Last week, Own products officially became part of the Salesforce Platform, including Own Secure capabilities that are now integrated into Salesforce Shield and Security Center, empowering organizations to strengthen their security posture more quickly and comprehensively. 

The timing of this integration is crucial, as SaaS security incidents are becoming more frequent and costly. These incidents include cyberattacks that steal and destroy data, as well as insider threats, which are often due to employee mistakes rather than malicious intent.

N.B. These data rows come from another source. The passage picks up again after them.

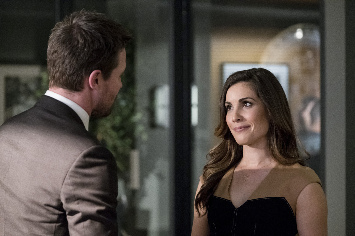 Arrow -- "Bratva" -- Image AR512a_0053b.jpg -- Pictured (L-R): Stephen Amell as Oliver Queen and Carly Pope as Susan Williams -- Photo: Cate Cameron/The CW -- © 2017 The CW Network, LLC. All Rights Reserved.
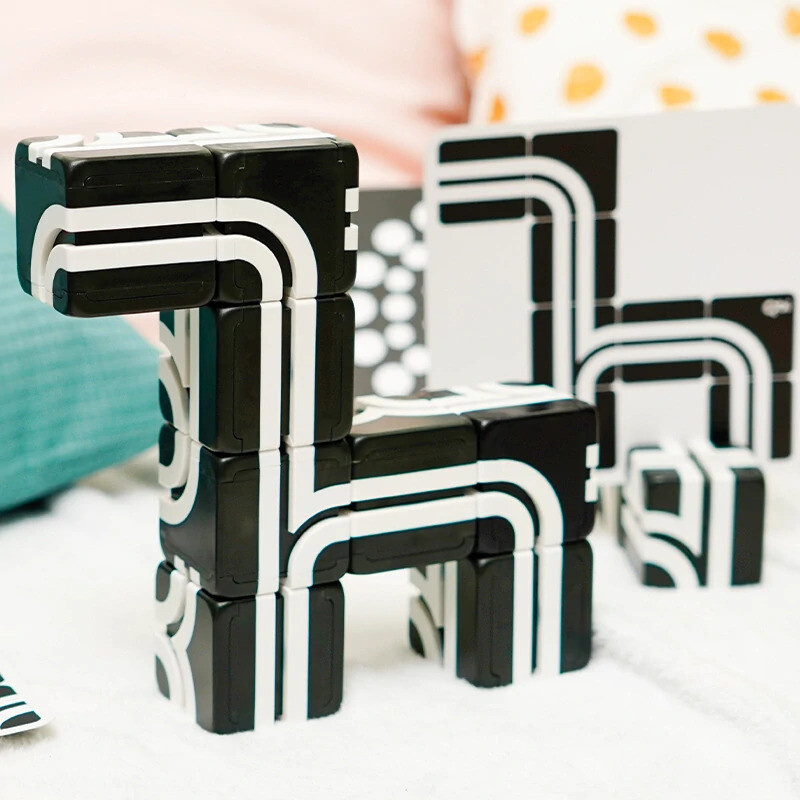 Táto sada kociek spája interaktívnu hru s rozvojom jemnej motoriky a myslenia. Hmatové podnety a skladacie dráhy pomáhajú zlepšovať koordináciu ruka-oko a budovať sebadôveru detí.
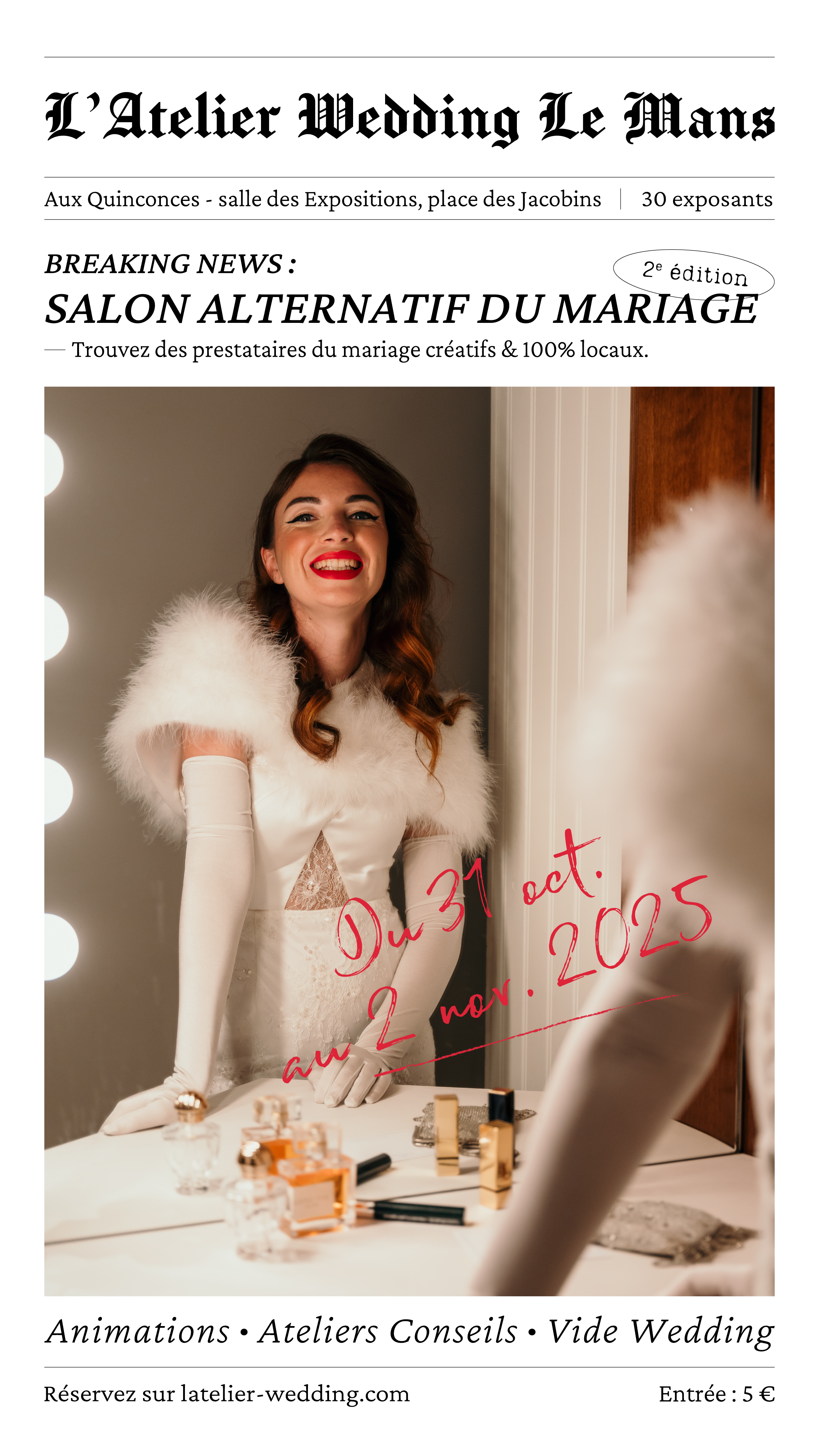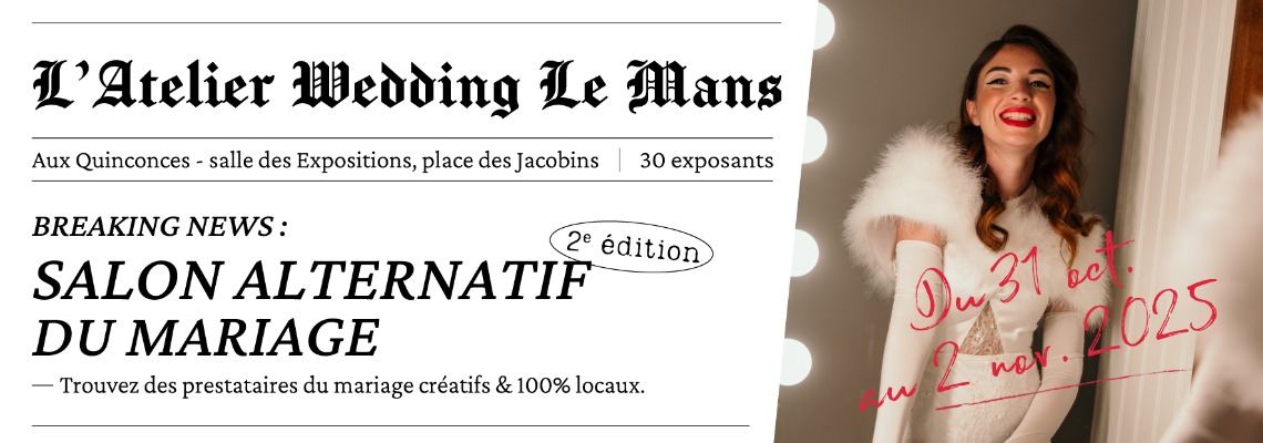 Sa 2eme édition se déroulera les samedi 1er et dimanche 2 novembre 2025. Venez y rencontrer notre sélection de prestataires de mariage locaux et participer à leurs ateliers conseils dans une ambiance bienveillante, conviviale et chaleureuse.
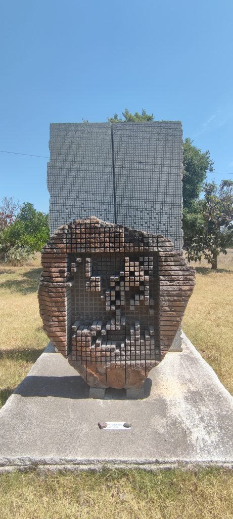 Dernière image du musée à ciel ouvert Pinuccio Sciola, qui s’est éteint le 13 mai 2016 à Cagliari. On y reconnaît une sculpture avec trois sujets humains : deux adultes et un enfant.
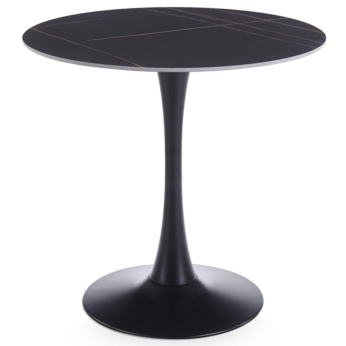 Table à manger ronde LOIRELa table à manger ronde LOIRE est une pièce de design à part entière. Elle se caractérise par un plateau en céramique de 80 cm de diamètre et 7 mm d'épaisseur, dont la surface lisse se nettoie facilement. Son pied tulipe en métal laqué, doté d'une base large (Ø 49 cm), gara
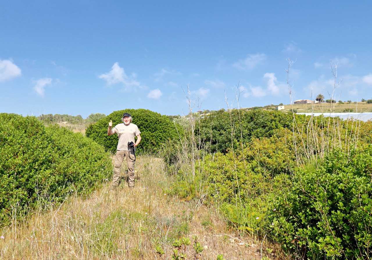 This plot of land is an insect and berry-rich, scrub-covered migratory bird resting and feeding site. Its purchase guarantees the survival of up to 30 migratory bird species, such as the Common Nightingale, European Stonechat, Whinchat, Meadow Pipit, Corn Bunting, Northern Wheatear and even the shy Spotted Flycatcher. On the left, It borders a 3-hectare plot of land completely covered with greenhouses, where tomatoes are grown intensively using massive amounts of pesticides and artificial fertilisers. Our efforts to purchase this plot of land as well continue!
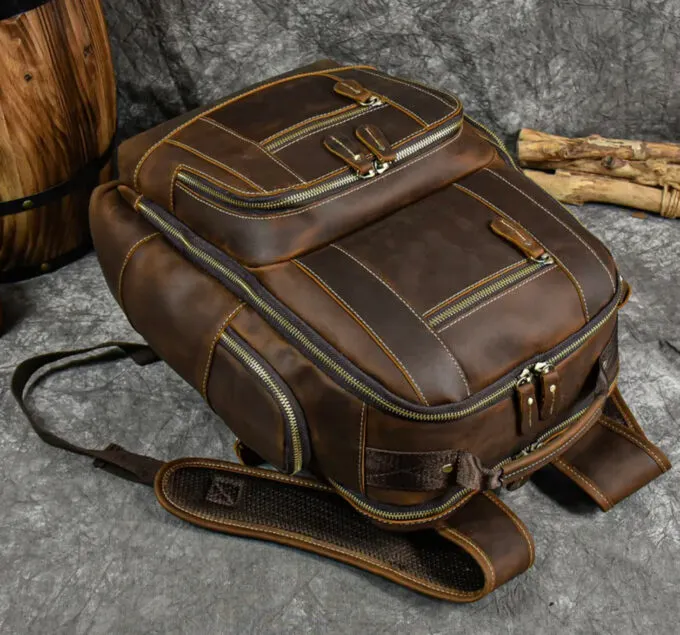 Вариант для персон с запросами. Рюкзак изготовлен из натуральной кожи, которая местами специально состарена и немного затерта. Есть ощущение, что он будет служить много-много лет. Отделений — большое количество. На выбор есть 13 вариантов расцветки, но коричневый кажется самым удачным.
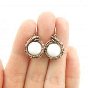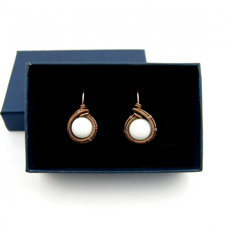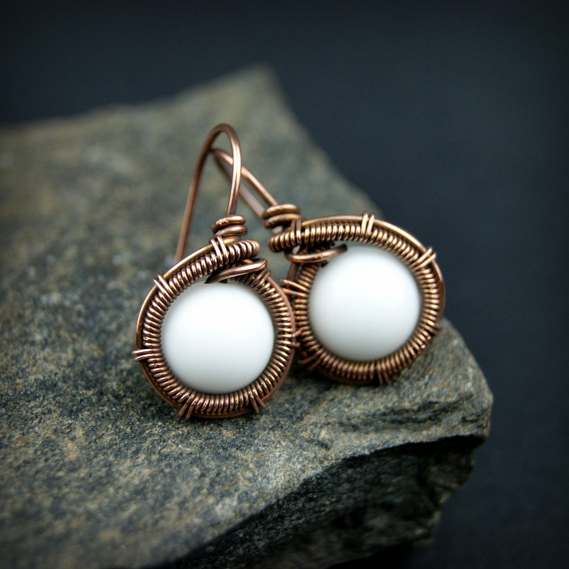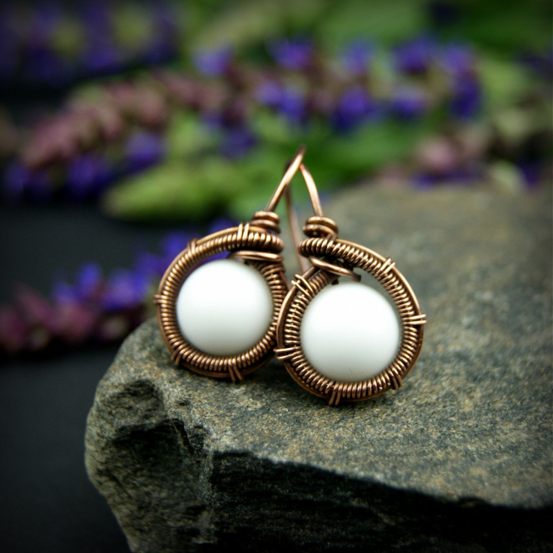 Kolczyki w całości wykonane w pracochłonnej technice wire wrapping. Do stworzenia kolczyków użyto białych kamieni jadeitu oraz drutu miedzianego, całość oksydowano. Kolczyki są lekkie i delikatne.

Within Salesforce specifically, possible causes of security incidents range from admins lacking sufficient training to the security controls like multi-factor authentication (MFA) not being utilized. Other common issues include account takeovers via phishing emails, misconfigurations that expose sensitive data, exposure of API tokens in public repositories, unmasked data in development environments, accidental deletion of data (including metadata and mission-critical data), malicious destruction, and extortion attacks. Essentially, everything from accidents to criminal acts. Beyond avoiding these incidents in the first place, addressing them promptly and effectively reduces disruption and costs, and can prevent issues from escalating.

Organizations can counter security incidents more efficiently and effectively using the powerful capabilities of Salesforce Shield. Shield helps prevent and limit the impact of incidents by accelerating protection, detection, scope assessment, and root cause analysis. 

Importantly, Shield provides the information needed for incident reporting to satisfy internal requirements and regulatory compliance. Additionally, Security Center now leverages the enhanced automation features from Own to accelerate data classification, permissions management, security insights, risk intelligence, and compliance reporting. The codified expertise now integrated into Shield and Security Center reduces by 80% on average the time to establish and maintain a secure Salesforce Org.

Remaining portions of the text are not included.